Hi @vladimir.litvinchik In above recording can you please confirm why header is not read out first and footer is not read in end. Only we are reading body in header footer test.pdf

have tested with voice over in mac and getting same result

vladimir.litvinchik · November 22, 2024, 12:24pm

@sonamsinha

I have checked the header footer test.pdf file and found that header and footer are represented as artifacts in PDF document see the screenshot from PAC:

Screen readers typically skip the elements that are tagged as artifacts. Artifacts are elements like page numbers or repeated text that are not meant to be read aloud.

sonamsinha · November 25, 2024, 3:56am

Hi @vladimir.litvinchik Thank you for reply. I tried reading via adobe acrobat and voice over in mac but I was not seeing heading related tags over there. Can you please confirm on this ? Also was able to read header in windows chrome using nvda. If this is considered as artifact then screen reader should not read in windows. What the difference in mac and windows can you please help us understand?

Were you able to read table here in windows?

vladimir.litvinchik · November 25, 2024, 8:47am

@sonamsinha

Possibly it happens because different screen readers process artifacts in it’s own way. Have you checked the documentation for NVDA?

May you please clarify which document and which tool to open the PDF file you’re referring to?

sonamsinha · November 25, 2024, 11:47am

@vladimir.litvinchik I have not checked the documentation of NVDA.

I am referring to the header footer test.pdf document only. In windows while using chrome nvda was not able to identify table whereas in mac voice over was able to identify the table

vladimir.litvinchik · November 25, 2024, 12:34pm

@sonamsinha

Thank you for the details. So, it seems that the table is properly tagged.

sonamsinha · November 26, 2024, 2:36am

@vladimir.litvinchik Are you able to read the table as well in windows? I tried nvda was not identifying table in windows machine. Can you please confirm?

sonamsinha · November 27, 2024, 6:34am

@vladimir.litvinchik Can you please take a look at reply here The accesibility related tags should not be stripped from headers during pdf conversion - #12 by atir.tahir

vladimir.litvinchik · November 27, 2024, 11:45am

@sonamsinha

Are you able to read the table as well in windows? I tried nvda was not identifying table in windows machine. Can you please confirm?

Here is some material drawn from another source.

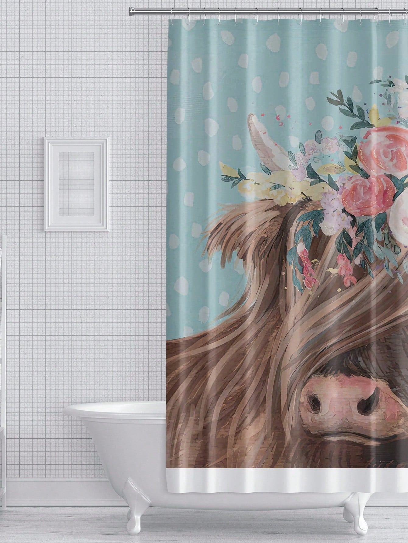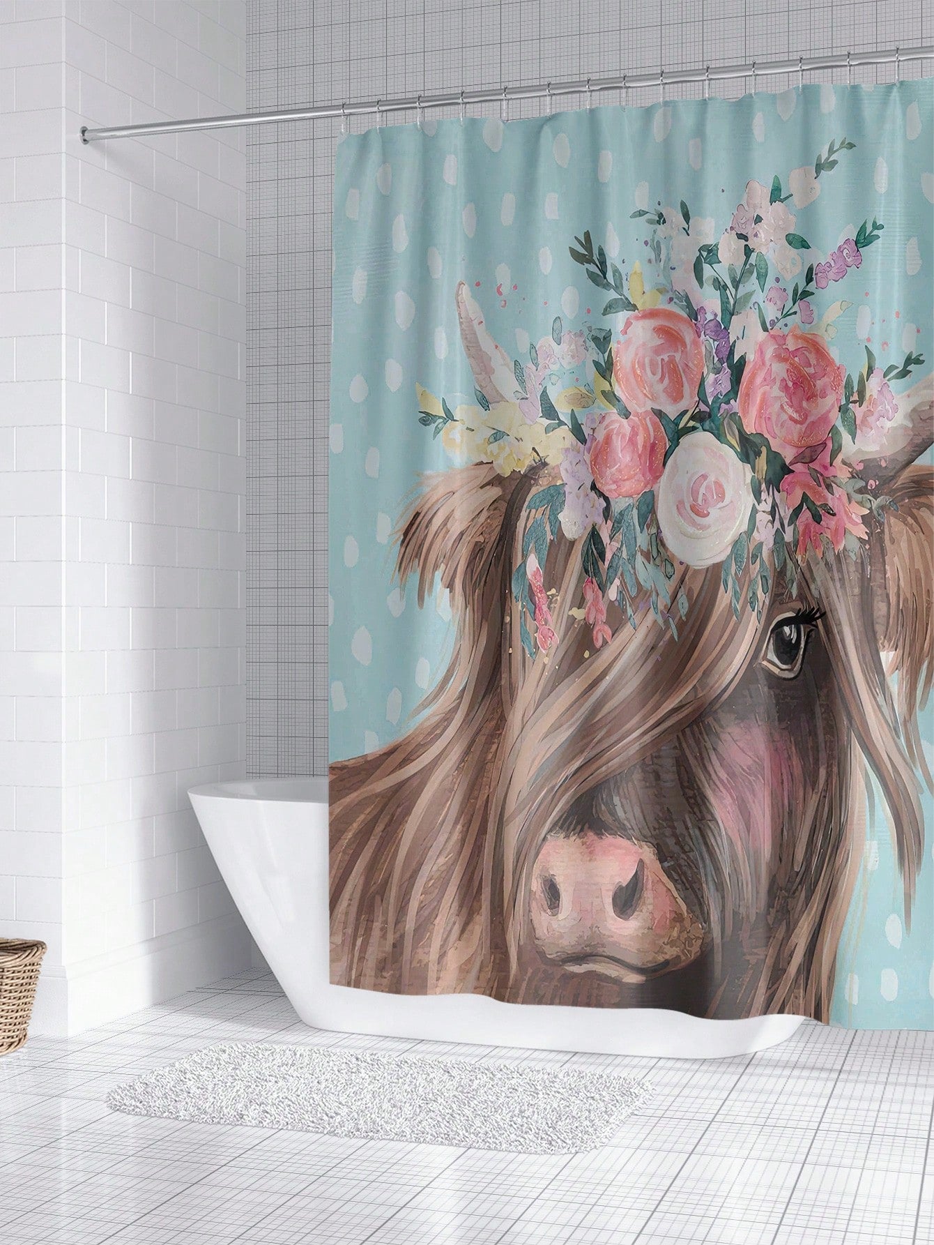 Shower Curtain. This unique and playful curtain features a realistic cow print, making it perfect for any animal lover. The durable fabric and water-resistant design ensure long-lasting use, while the easy installation makes it a hassle-free addition to your bathroom."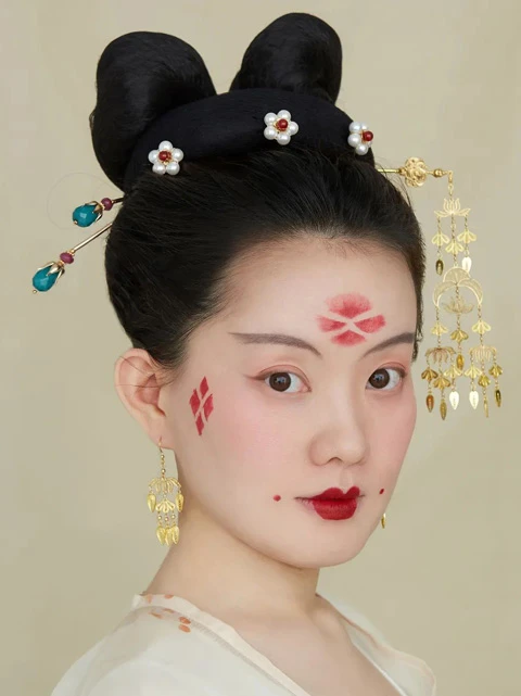 Therefore, various forms of facial makeup patterns have been fully developed at this time. Different eyebrow styles and lip styles, with variable and exaggerated hairstyles, rich facial embellishment style, have created colorful and varied makeup styles for women in the Tang Dynasty.

Since this topic is related to reading order of header and footer please create a separate topic. Thanks

Can you please take a look at reply here The accesibility related tags should not be stripped from headers during pdf conversion - #12 by atir.tahir

Sure, can you please clarify how do you create PDF document, since you wrote that

We are not using here groupdocs for word to pdf conversion.

sonamsinha · November 28, 2024, 4:26am

@vladimir.litvinchik Have added comment along with sample pdf. Can you also take a look have tagged you

vladimir.litvinchik · December 2, 2024, 2:25pm

@sonamsinha

I’m sorry for the delayed response. Currently we’re investigating this issue. We’re looking forward to set proper tagging so the reading order is the following:

Header
Content
Footer

sonamsinha · December 13, 2024, 7:23am

Hi @vladimir.litvinchik Can you please share the updates here?